Boards have spent years debating whether they should hire a Chief Digital Officer. They've hired consultants to help them understand AI risk. And yet most boards are completely unprepared for the thing most likely to test their governance in real time: a significant cybersecurity incident.
A ransomware attack. A data breach. A third-party supplier compromised. These aren't hypotheticals. They happen to well-run companies with capable technology teams. And when they happen, the board's role is not to fix the technical problem, it's to govern through a crisis they almost certainly didn't rehearse.
Why boards are usually unprepared
The most common failure mode is this: the board is told that "we take cybersecurity seriously," cyber risk appears on the risk register, and there's a brief mention of it at the annual strategy away day. Nobody on the board has read the incident response plan. Nobody has asked who specifically would call whom if something happened at 11pm on a Saturday.
This is not negligence, it's a structural gap. Boards are asked to oversee cyber risk without being given a framework for what that oversight actually looks like under pressure. The result is boards that understand cyber risk in the abstract but have no muscle memory for acting on it when it's real.
A significant incident also moves faster than most board processes. Decisions that would normally take a board meeting, whether to pay a ransom, when to notify regulators, how to communicate with customers, need to happen in hours. If the governance structures aren't built in advance, you'll be improvising them during the crisis.
Before: what good preparation looks like
Good cyber governance starts long before any incident. The board's job in the preparation phase is primarily about asking the right questions and ensuring the right structures are in place.
- Who is the CISO or equivalent, and does the board have a direct relationship with them, not just through the CEO?
- Has the board reviewed and approved the incident response plan, and does it include board-level escalation criteria?
- What are the regulatory notification requirements, and who owns that decision when time is short?
- Has the organisation run a tabletop exercise that includes board members?
- What cyber insurance coverage exists, and has the board verified that it would actually apply to the most likely scenarios?
The tabletop exercise is the piece most boards skip. It feels like an overhead, a whole afternoon of simulating something that probably won't happen. But it's the only way a board discovers in advance whether its decision-making process can handle compressed timelines and incomplete information.
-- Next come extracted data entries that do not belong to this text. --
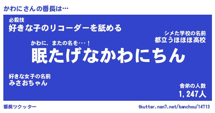 | 肩書あだ名 | 『かわに社長』『かわに国家主席』 |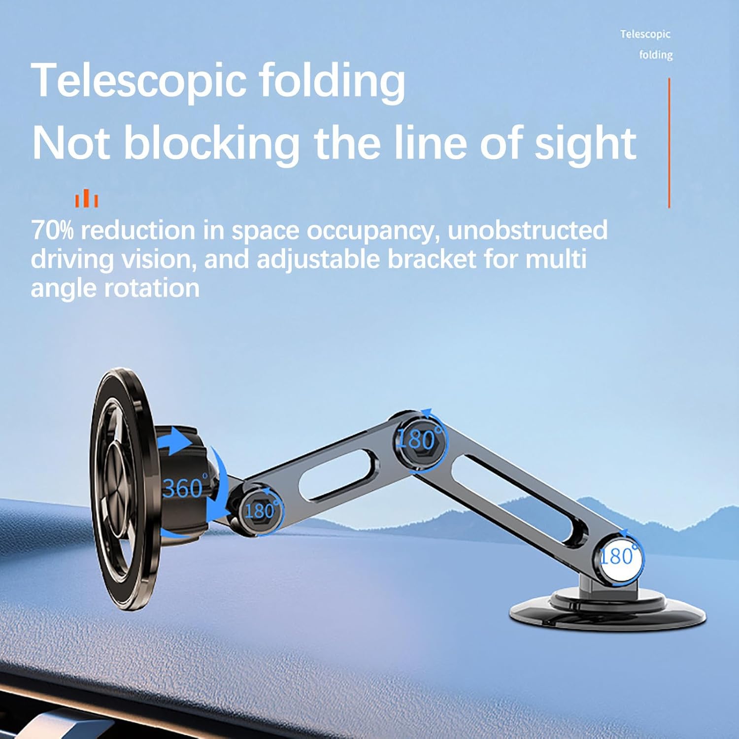 Space-saving magic: Shrink it, fold it, and unleash your unhindered driving superpowers! The stand rotates, adjusts, and lets you keep your eyes on the target!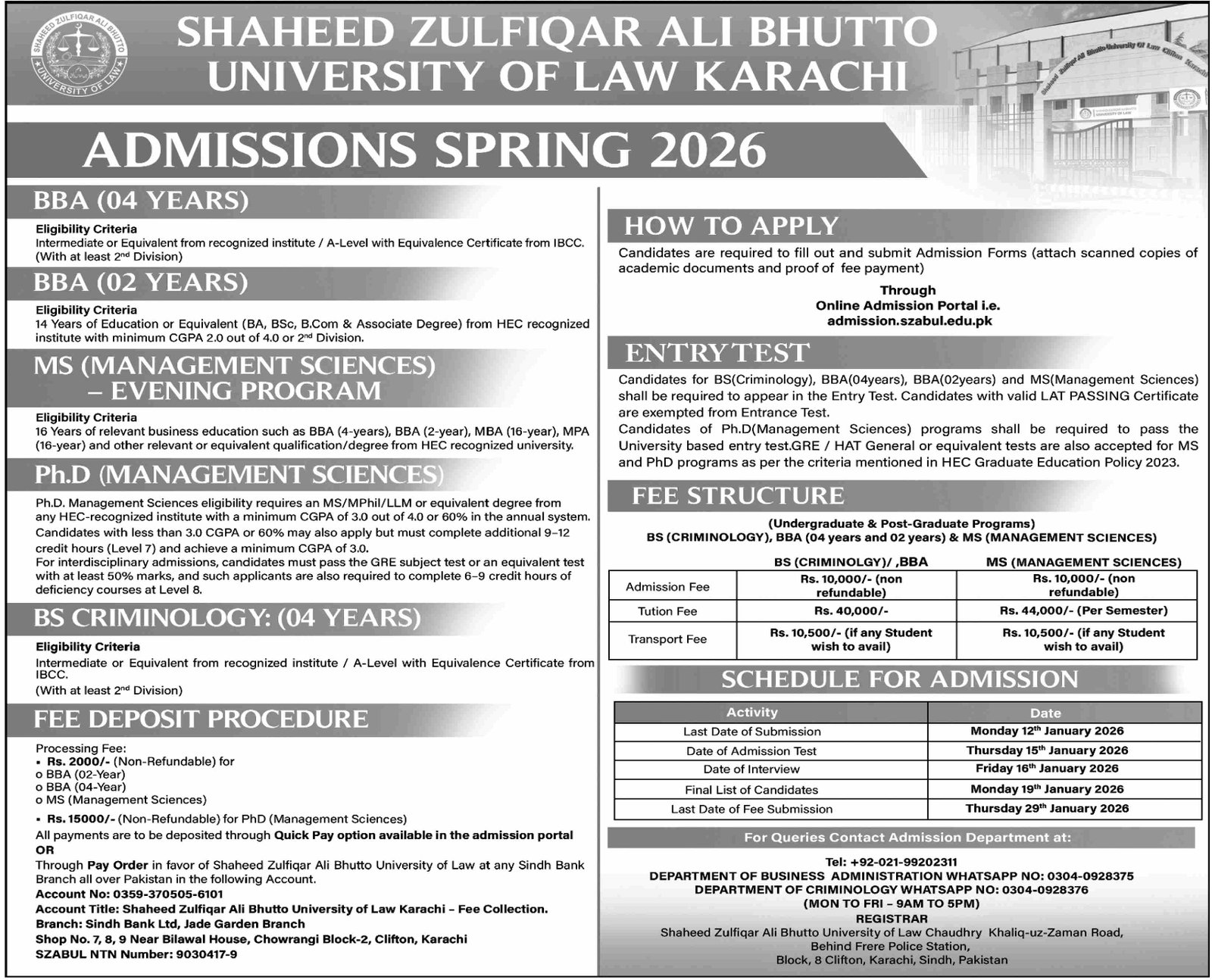 Shaheed Zulfiqar Ali Bhutto University of Law Karachi announce the latest in different programs, details are mentioned in See Below Ad . Students from Sindh, Karachi and other provinces of Pakistan, can apply for the . Students awaiting for the s in Shaheed Zulfiqar Ali Bhutto University of Law Karachi can apply according the given criteria which is mentioned in the advertisement. Students awaiting results may also apply. Advertisement date is 28/12/2025 and the last date of the admission is 12/01/2026
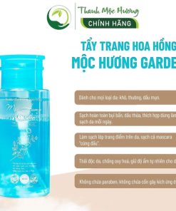 – Nước tẩy trang Mộc Hương Garden làm sạch dịu nhẹ cho làn da mềm mại, khỏe mạnh, loại bỏ lớp trang điểm, bụi bẩn, dầu thừa trên da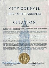 鉴此,籍由此公告,费城市议会与大费城法轮大法协会一起纪念世界法轮大法日,表达本立法机构诚挚的尊敬和赞赏,并感谢你们为改善我们城市和地区人民的身心健康所做的工作。
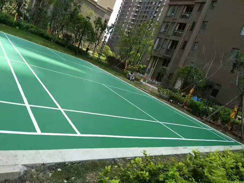 按专用砂比例充分混合搅拌均匀硅PU球场材料,铺设于加强面上,一般铺设两道或三道;也可做成光滑面。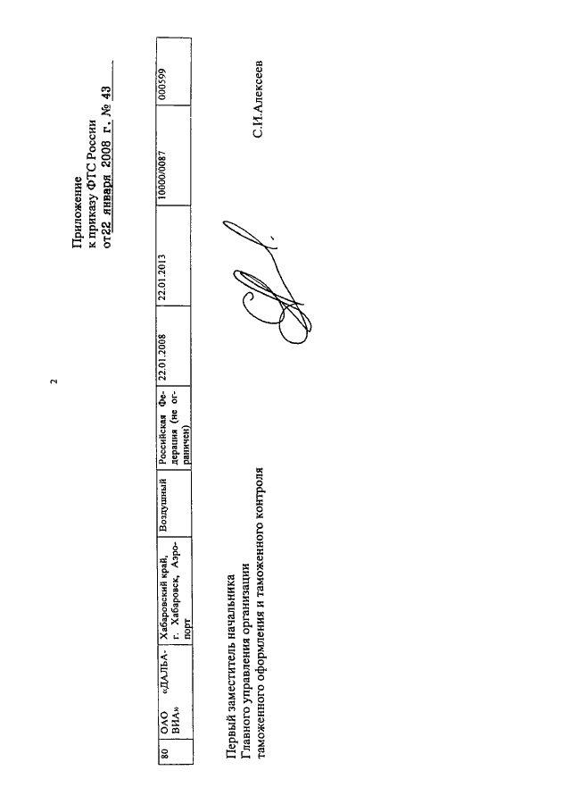 ПРИКАЗ ФТС РФ от 22.01.2008 N 43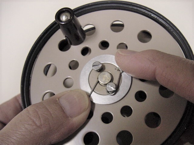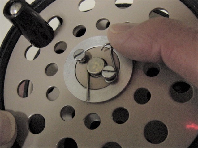 ●画像9>>外し方と逆の操作でスプールをはめるわけですが、スプールを軸にしっかり差し込み、金具の足先を軸のスリット溝に滑り込ませながら、金具の頭と足先を指で押さえつつ、キュッとこんどは左回転(半時計回り)に回して戻せば固定完了、スプールは抜けません。

During: the board's actual role
When an incident is live, the board's primary job is to enable management to respond, not to manage the incident itself. This distinction is easy to state and genuinely difficult to practise under pressure.
Concretely, this means:
- Establishing a clear communication rhythm so the board is informed without overwhelming the response team
- Providing decision authority for choices that exceed management's normal remit, ransom payments, emergency expenditure, decisions to notify before the facts are fully established
- Coordinating with legal counsel on regulatory obligations, which vary significantly by jurisdiction and type of data involved
- Managing external communication, particularly if the incident becomes public, where the board's credibility may be needed
The chair of the board typically has a specific role here: maintaining composure and communication with major stakeholders, including investors, while the management team focuses on the technical response. If the company is publicly listed, the interaction with financial markets communications becomes another immediate complexity.
The ransom decision
Ransomware incidents create a particularly acute governance challenge. The question of whether to pay a ransom is one that boards need to have a pre-agreed position on, because under the pressure of an active attack, with systems down and operations halted, the argument for paying can feel compelling even if it isn't the right call.
The considerations are complex, regulatory prohibitions in some jurisdictions, the question of whether payment guarantees restoration, the precedent it sets, the reputational implications. But the point is that this decision should not be made in the heat of an incident by people who haven't thought through it in advance. The board needs a position before it needs it.
After: review and accountability
The post-incident review is where board governance is most commonly neglected. It's tempting to declare the incident over once systems are restored and move on. But the review phase is where boards actually learn, and where they determine whether the incident reflects a governance failure, a management failure, or genuinely bad luck.
A proper board-level post-incident review asks:
- Was the incident response plan effective, and where did it break down?
- Was the board's decision-making process adequate given the time pressure?
- Were there early warning signals that should have been escalated sooner?
- What changes to risk management and investment are now required?
- If regulators are involved, how is the remediation plan being managed?
The review should produce concrete changes, not just to technical infrastructure, but to governance processes. If the board discovered during the incident that it didn't know who to call or what authority it had, that's a governance gap that needs to be closed before the next one.
What this requires of board members
None of this requires board members to be cybersecurity technicians. It requires them to ask hard questions in advance, participate in scenario planning, understand the company's regulatory obligations, and be clear about what decisions they reserve for themselves versus delegate to management.
The CISO relationship matters more than most boards realise. The CISO needs to trust that they can escalate a genuine concern to the board without it being filtered or minimised at the executive layer. And the board needs enough of a direct relationship with the CISO to assess whether the assurances they're receiving are well-founded.
Cyber risk has moved from a technology issue to a governance issue. The boards that manage it well have treated it that way before anything went wrong.